Le film se fait plus grave et même parfois pathétique quand il montre les camarades de Trumbo, dont le personnage fictif d’Arlen Hird, réduits au chômage et tricards partout ou lorsqu’il met en scène l’univers familial de l’artiste. Car Trumbo qui travaillait souvent dans sa baignoire et se soutenait avec un cocktail détonant de tabac, d’alcool et d’amphétamines, pouvait être parfaitement insupportable et odieux avec sa femme Cléo (Diane Lane) et ses enfants… Le film est dur aussi lorsqu’il expose le cas d’Edward G. Robinson, acteur de films noirs mais intellectuel cultivé, ami proche de Trumbo qu’il trahira devant la commission pour pouvoir continuer à travailler…

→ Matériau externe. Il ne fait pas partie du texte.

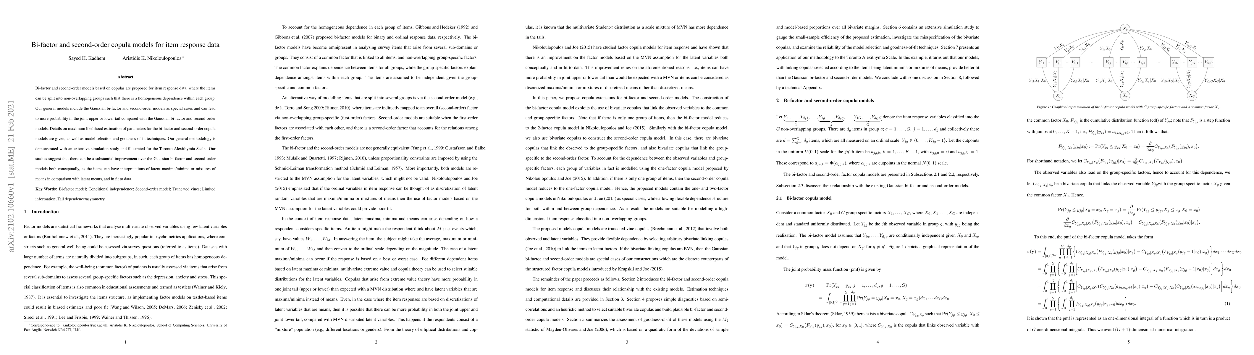 This paper proposes bi-factor and second-order copula models for item response data, allowing for non-overlapping groups with homogeneous dependence. The models offer substantial conceptual and empirical improvements over Gaussian bi-factor models, demonstrated through simulation studies and application to the Toronto Alexithymia Scale.
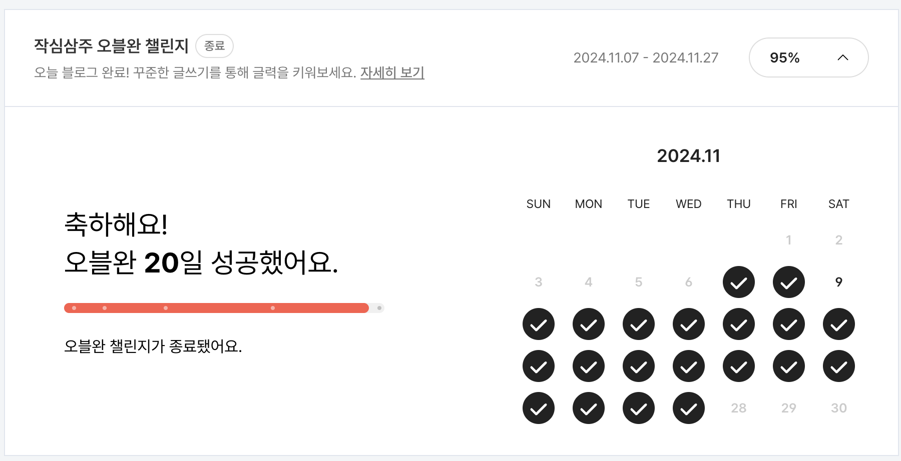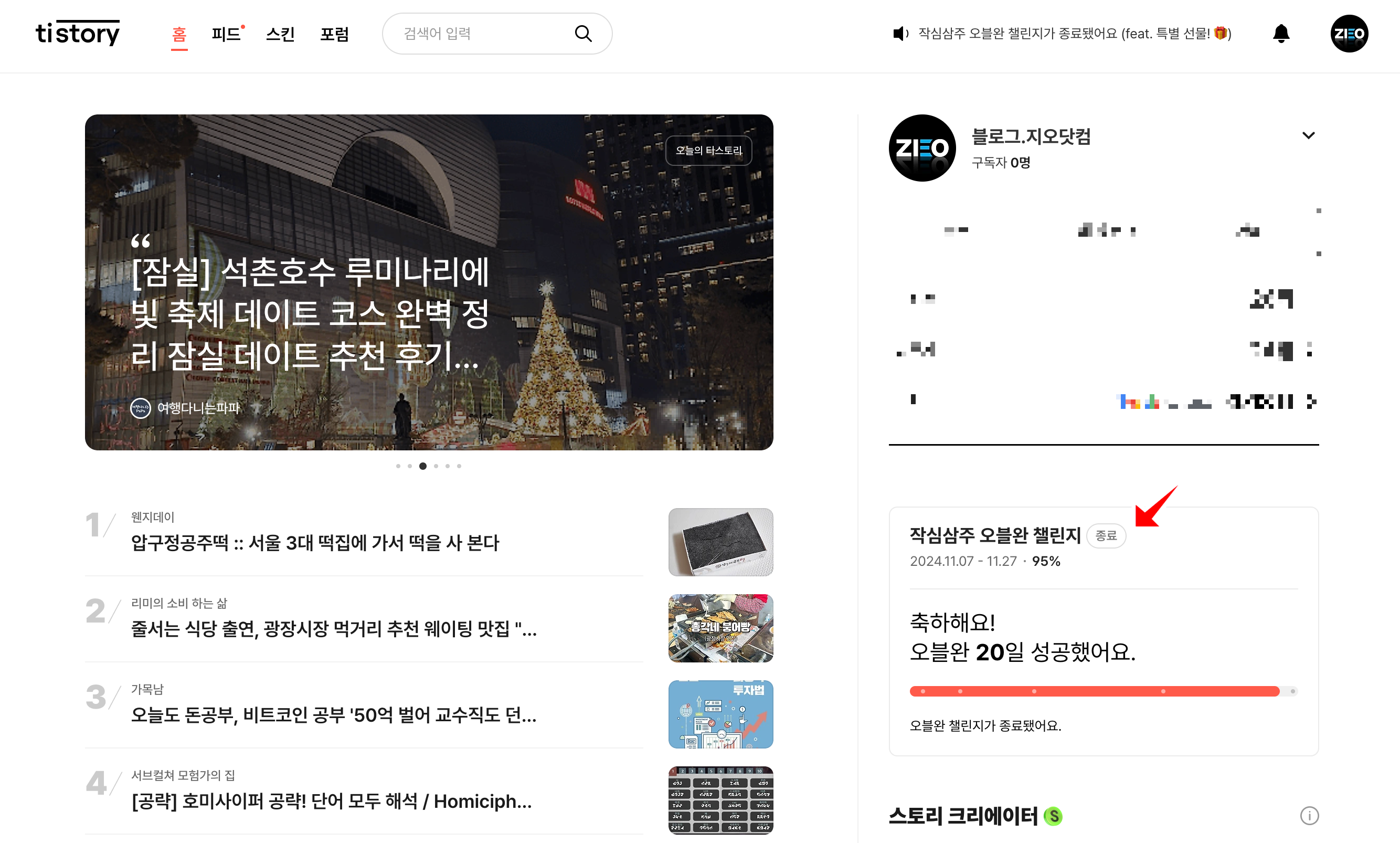 티스토리의 오블완 챌린지가 2024년 11월 27일 부로 종료하였습니다. 21일 동안 블로그에 글을 쓰는 챌린지 였는데 저는 깜빡해서 하루 참여하지 못했습니다. 언제 참석하지 못했는지 확인하기 위해 찾아보니 티스토리 홈페이지 우측 하단에서 확인할 수 있었습니다.
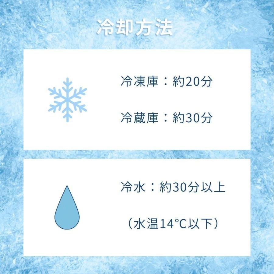 冷蔵庫や冷凍庫、氷水、冷水を使用して冷却し凍結させます。冷凍庫に入れておけば1-2時間、または冷水につけて約1時間、再び中身が固まりますので、急なお出かけの際にもすぐに冷やすことができます。
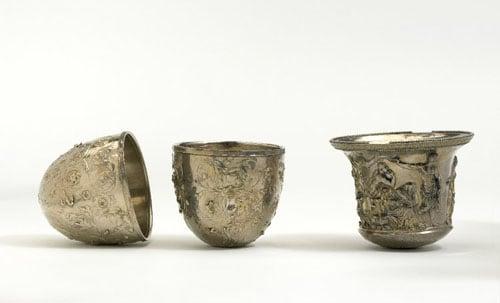 Three silver cups with repousse decoration and traces of gilding. Each has an outer skin and separately-made inner liner. Two are a pair, covered with elaborate flora and fauna. The third depicts the story of Orestes andIphigeneia (from a lost play by Sophocles).
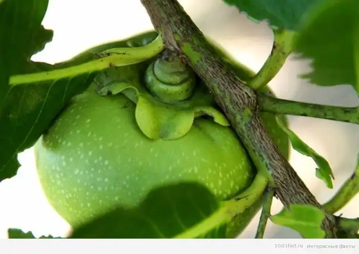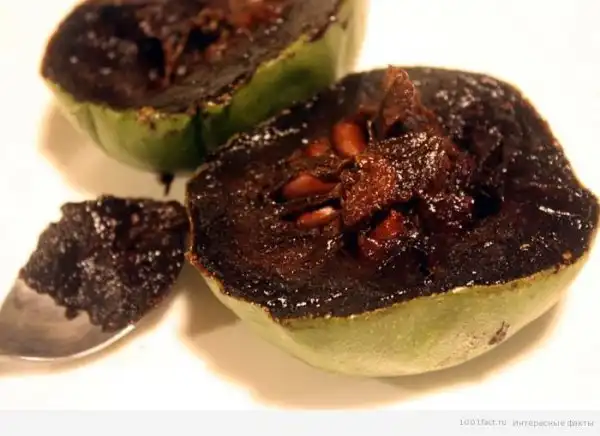 Созревший плод имеет не очень красивый цвет гниющей листвы. Создаётся впечатление, что плод перезрел. Мякоть плода коричневая, напоминает желе. Поэтому этот фрукт называют родственницей хурмы.
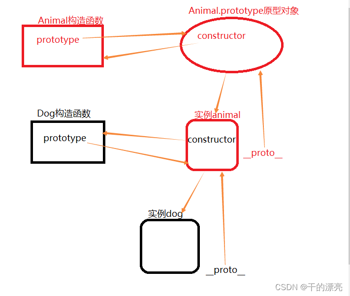 function Animal() { this.name = 'animal'; } Animal.prototype.getAnimalName = function () { console.log(this.name); }; function Dog() { this.name = 'dog'; } // 继承 Dog.prototype = new Animal() Dog.prototype = { getDogName() { console.log(this.name); }, someOtherMethod() { return false; } }; var d1 = new Dog(); d1.getAnimalName(); // 出错!在这段代码中,子类的原型在被赋值为 Animal 的实例后,又被一个对象字面量覆盖了。覆盖后的原型是一个 Object 的实例,而不再是 Animal 的实例。因此之前的原型链就断了。Dog和 Animal 之间也没有关系了。
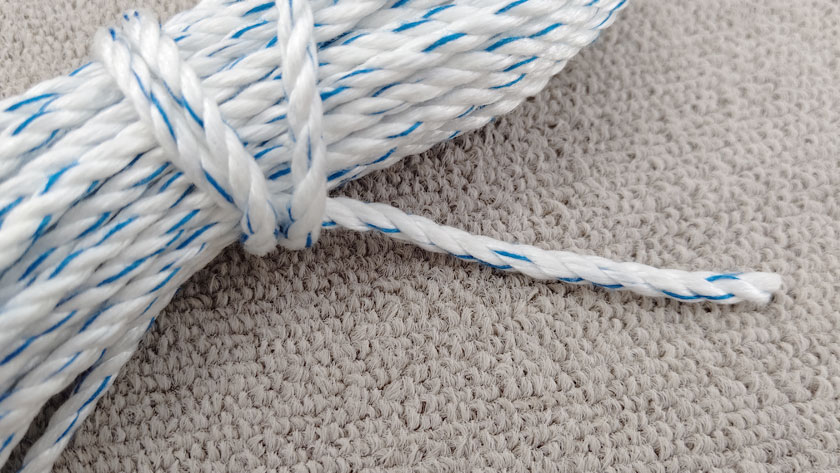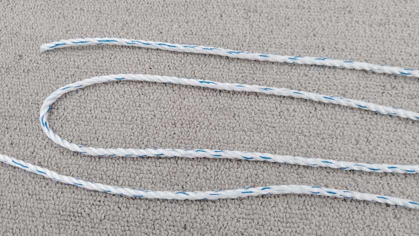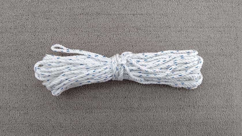 白いロープに青線を入れることで視認性を向上させたタスランロープです。
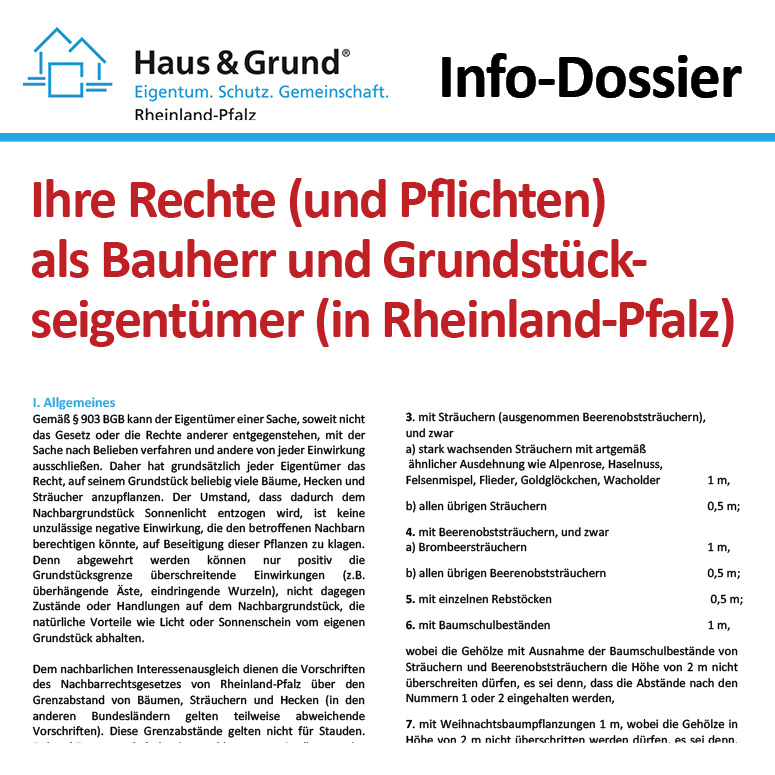 Es behandelt die Themen: - Grenzabstände für Pflanzen (in Rheinland-Pfalz): Wer Bäume, Sträucher oder Hecken pflanzt, muss einen vorgeschriebenen
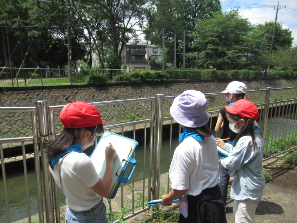 今、社会と総合の学習で取り組んでいる「杉並の自然」「杉並のみりょく」を伝えるために、目と耳で感じ、聞いたことや体験したことをまとめるために、メモを取りながら進みました。
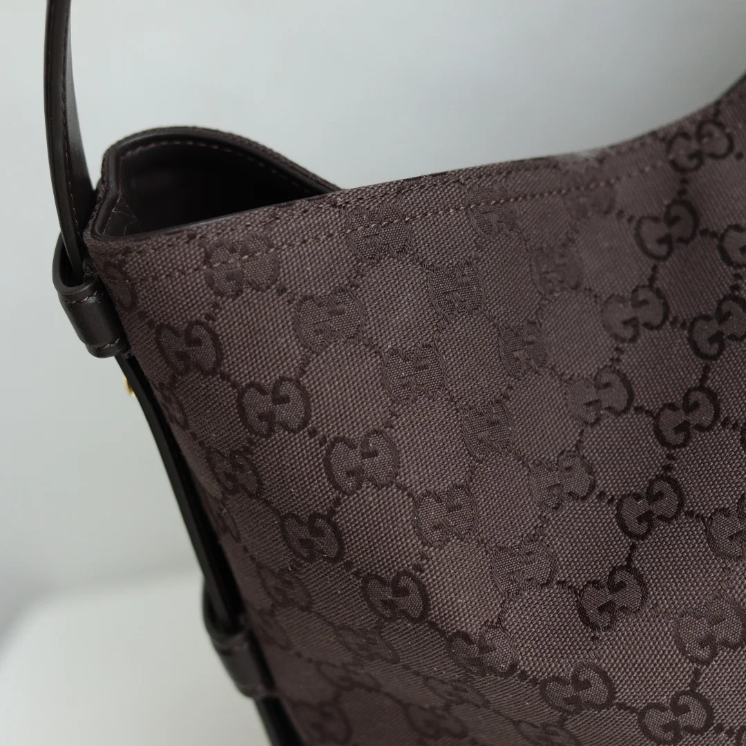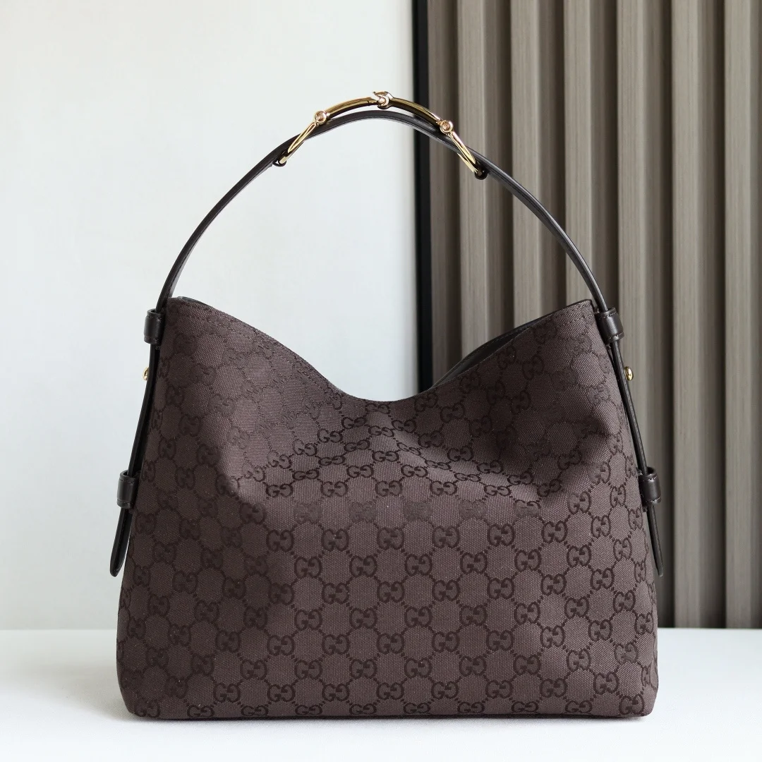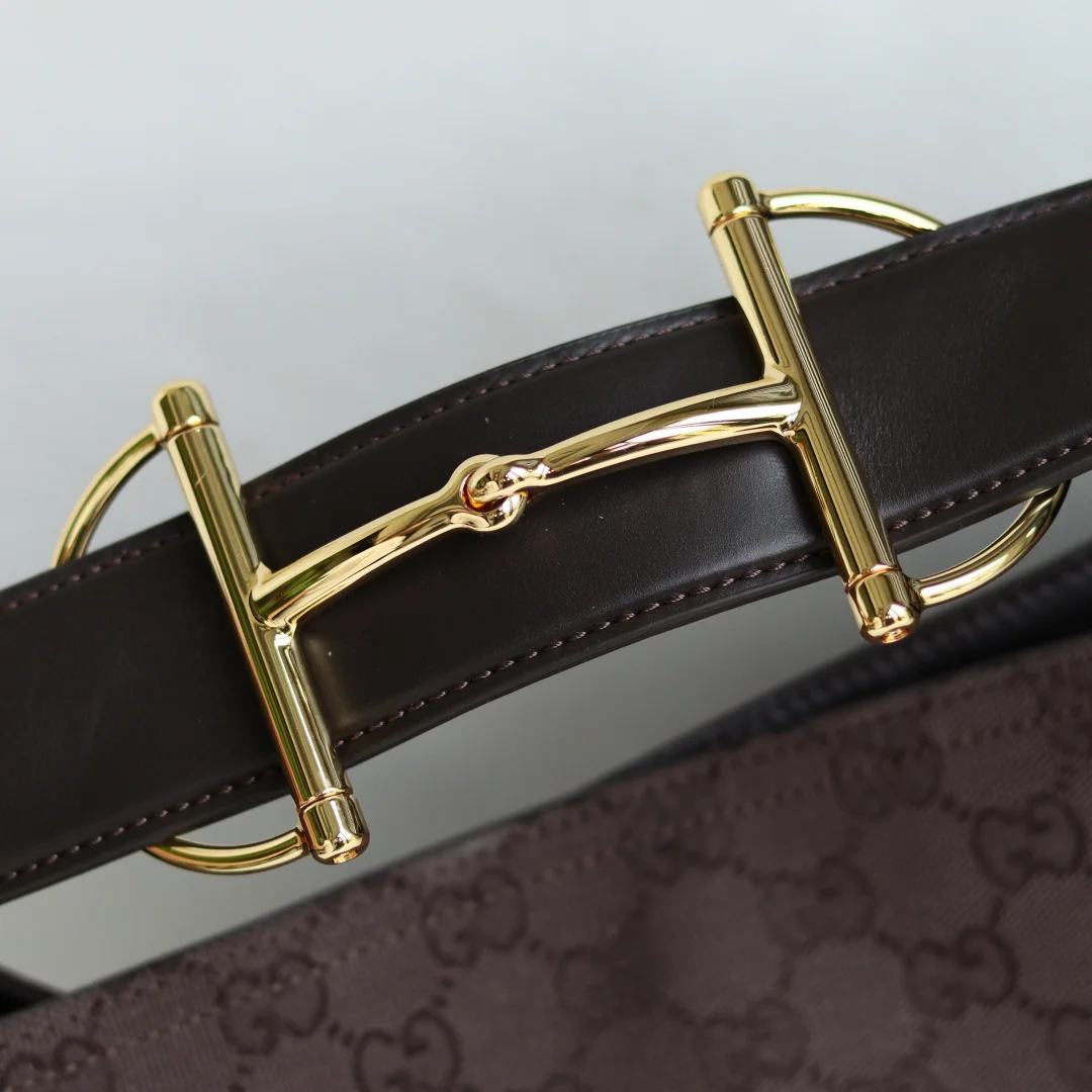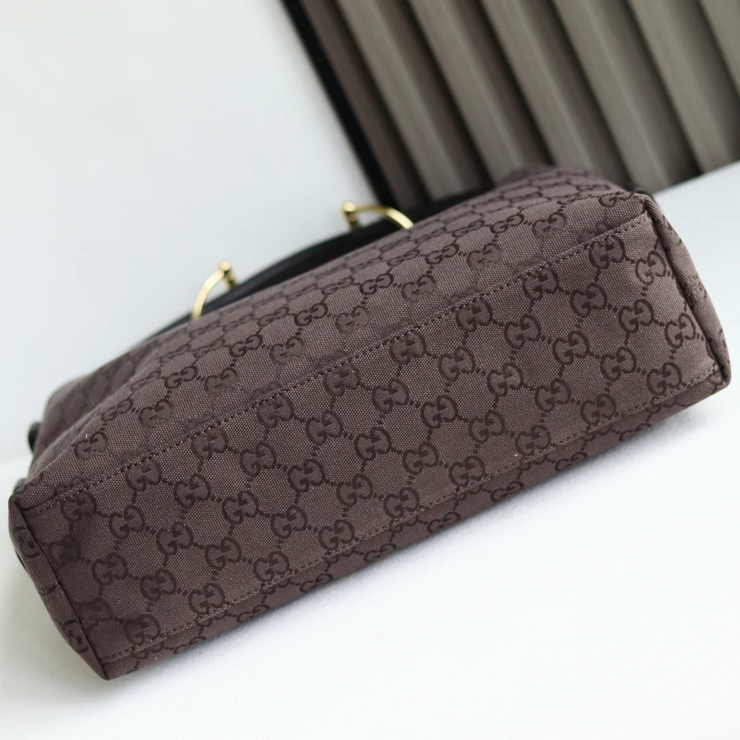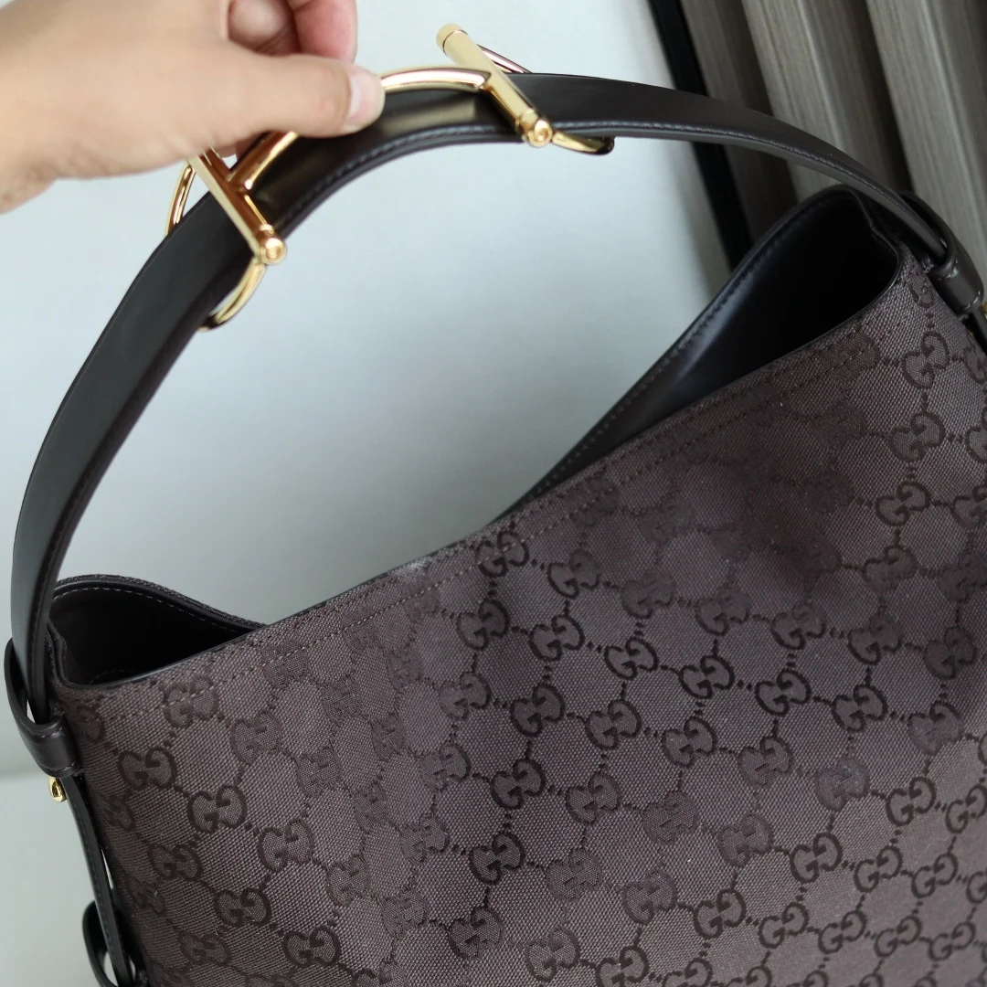采用帆布配牛皮打造 配标志性马衔扣细节肩带 金色调配件更添精致质感 内里设有一个拉链口袋

Diane Lane et Bryan Cranston, le couple Trumbo. DR

Diane Lane et Bryan Cranston,
le couple Trumbo. DR

Naguère, les frères Coen avaient traité, avec Ave Caesar!, des coulisses de l’usine à rêves. Mais là où les auteurs de Barton Fink se contentaient de saynètes, au demeurant souvent joyeuses, Dalton Trumbo, toujours sur Hollywood, a des accents de tragédie. Grâce, évidemment, au jeu intense de Bryan Cranston, connu des amateurs de série TV pour Breaking Bad, qui compose, ici, un Trumbo au look quelque peu british, brillant et ambitieux, déterminé et drôle qui dira: « Ecrire de la merde, c’est aussi mon gagne-pain » mais objectera aussi à un cinéaste: « Si chaque scène était géniale, votre film serait profondément monotone ».

Deux autres personnages ayant existé, viennent encore enrichir une galerie remarquable… Kirk Douglas qui militera pour que Dalton Trumbo soit reconnu comme le scénariste du Spactacus de Stanley Kubrick et Otto Preminger, raide cinéaste prussien, qui en fera de même pour son Exodus.  Dans Spartacus justement, Dalton Trumbo faisait dire à son héros, porte-parole des sans-grades: « Tant qu’à mourir, autant mourir debout, en livrant bataille et en restant unis ». Un propos qui va comme un gant à ce Dalton Trumbo qui croyait qu’on a toujours le choix de se comporter de manière intègre.

DALTON TRUMBO Biopic (USA – 2h04) de Jay Roach avec Bryan Cranston, Diane Lane, Helen Mirren, Adewale Akinnuoye-Agbaje, Michael Stuhlbarg, David James Elliott, Dean O’Gorman, Elle Fanning, Louis C.K., John Goodman, Christian Berkel. Dans les salles le 27 avril.